GILT regulates CD4+ T cell tolerance (100.28)

Abstract

Abstract Regulating the balance between T cell activation and tolerance is essential for stimulating an anti-tumor immune response and in controlling autoimmunity. We have shown that gamma-interferon-inducible lysosomal thiol reductase (GILT) is required for efficient MHC class II-restricted processing of an epitope from the melanoma antigen tyrosinase-related protein 1 (TRP1). Using CD4+ TRP1-specific T cell receptor transgenic mice, here we demonstrate a novel function for GILT in the regulation of TRP1-specific T cell tolerance. TRP1-specific T cells are centrally deleted in mice expressing both GILT and TRP1 on the RAG-/- background.
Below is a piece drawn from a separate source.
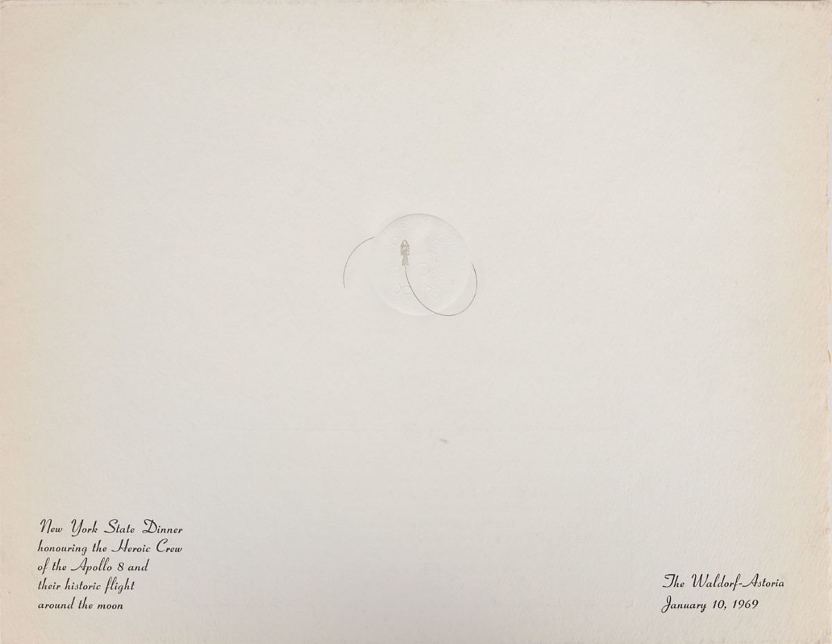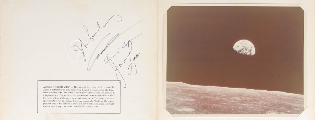 Brilliant official color glossy 10 x 8 NASA photo of the famous ‘Earthrise’ photo from the first manned mission to orbit the moon. Housed in its original Waldorf-Astoria display folder, measuring 22 x 8.5 open, presented at a New York State Dinner in honor of the Apollo 8 crew on January 10, 1969, signed on the inner gatefold opposite the photo in black felt tip by New York Mayor John Lindsay, Bill Anders, and James Lovell, and in blue ballpoint by Frank Borman. In fine condition, with light toning along the right edge. Consignor notes that the signatures were obtained by Michael Strunk, a Waldorf-Astoria employee who worked in the banquet department during the 1950s and 1960s.
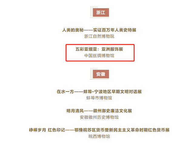 為深入學(xué)習(xí)貫徹黨的二十大精神,廣泛培育和踐行社會(huì)主義核心價(jià)值觀,國(guó)家文物局首次聯(lián)合中央精神文明建設(shè)辦公室、中央網(wǎng)信辦啟動(dòng)2023年度“弘揚(yáng)中華優(yōu)秀傳統(tǒng)文化、培育社會(huì)主義核心價(jià)值觀”主題展覽征集推介活動(dòng),并于5月18日公布名單。納入此次推介項(xiàng)目名單的主題展覽共計(jì)100項(xiàng),其中重點(diǎn)推介項(xiàng)目20項(xiàng)。其中,浙江入選2個(gè)展覽,中國(guó)絲綢博物館的“五彩亞細(xì)亞:亞洲服飾展”為其一。

In contrast, CD4+ T cells develop in the absence of either GILT or TRP1. GILT’s role in central tolerance is supported by GILT and TRP1 expression in thymic stromal cells. Although TRP1-specific CD4+ T cells escape thymic deletion in the absence of GILT, they are tolerant to TRP1 and do not induce vitiligo. TRP1-specific T cells from GILT-deficient mice initially divide in response to antigen, but fail to produce substantial levels of IFN-γ and IL-2. Tolerance is partially mediated by CD25+Foxp3+ regulatory T (Treg) cells. There is an increased percentage of TRP1-specific Treg cells in GILT-deficient compared to TRP1-deficient mice, and Treg cell depletion allows GILT-deficient TRP1-specific CD4+ T cells to induce vitiligo. These studies highlight a critical role for GILT in shaping the CD4+ T cell repertoire.